I remember the sound of what I was told were bluejays, I could hear them caw caw cawing from wherever it was they were. I thought they sounded like the gulls I heard at the sea shore. Caw ... Caw ... caw ... just hearing or even thinking about that bluejay sound reminds me ... makes me feel sad and gloomy. At the time, I could hear enough to tell the different calls of birds, but just some of them. I was told about and learned the call of a nasty one called a cowbird, which has the nasty habit of taking over another's nest, sitting on the eggs, then making a quick meal of the small fry when they hatch. Boy, I thought only humans did stuff like that! I could easily hear flocks of birds as they passed, and in what direction. I could hear the distant whistles of passing trains, and wondered where it was the trains were going. Had I been armed with more than a water pistol, I might have even taken a shot at them. (You know how ten-yer-olds think).

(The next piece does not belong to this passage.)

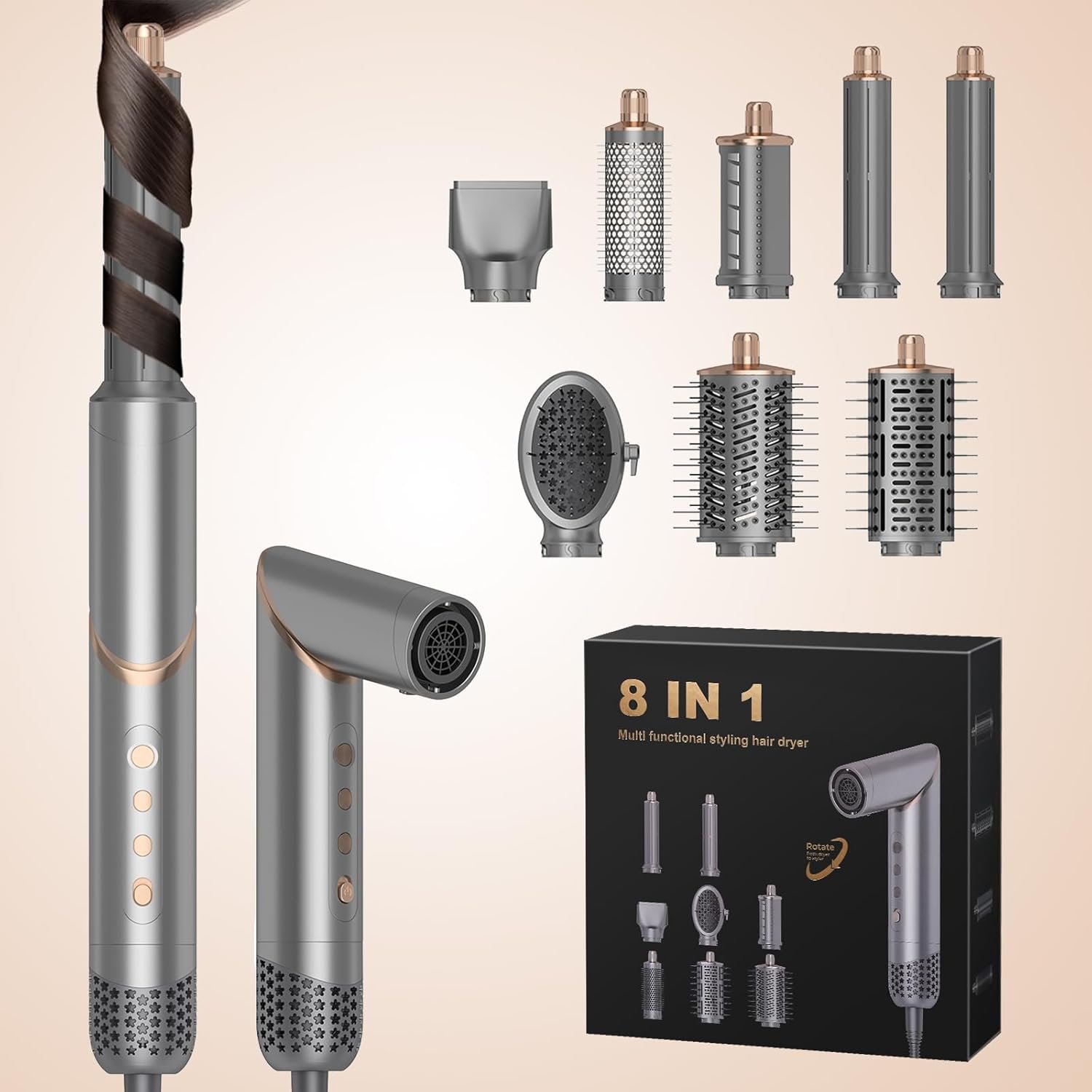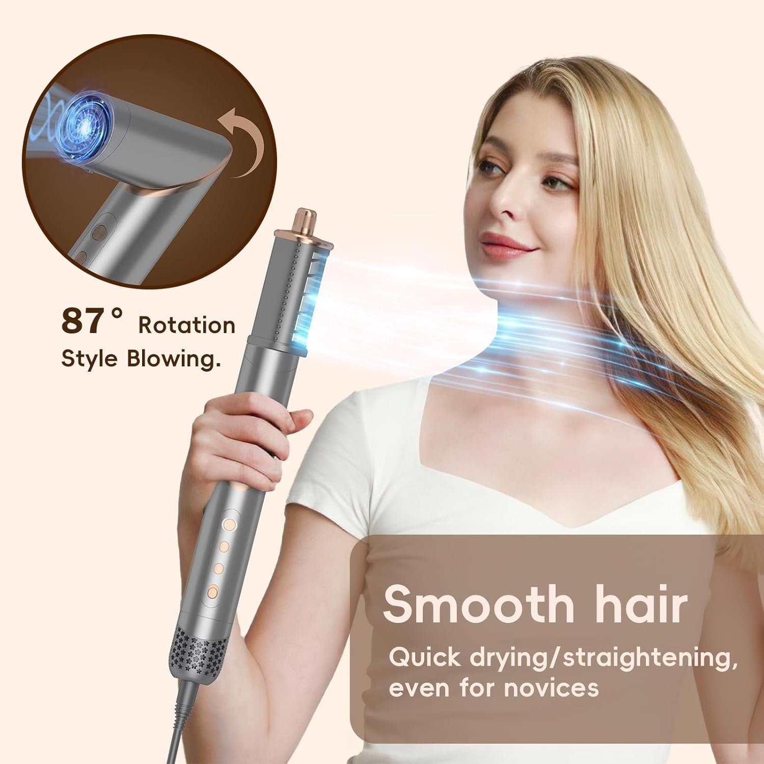 8 in 1 Rotate Hair Dryer Brush: Rotary hair dryer can be freely switched between hair dryer and styling comb.Our air hair styler set with 8 attachments: 1*hair dryer, 2*left right hair curlers, 1*smoothing comb, 1*double sided mirror comb, 1*curling comb, 2*different size inner buckle comb, and a pair of anti-scald gloves. Locking button can easily switch between attachments and fasten attachments securely

On summer vacation, if I woke early enough, I would listen out the window in wonder as the night sounds gradually became day sounds, the activity from the other houses, opening and closing doors, cars pulling out of driveways, the sounds of the garbage truck on its rounds. There was this bird I heard every morning just out the window ... I don't know what kind of bird it was. I can still whistle his song I heard 40 years ago. (whistles) but that won't work on Passions.
Now I live in an apartment and in order to hear anything I have to specifically set up for it. I don't know if there are any birds here, or anything. Just parked cars.
I wish I had your ability to add colors and visuals to your writes.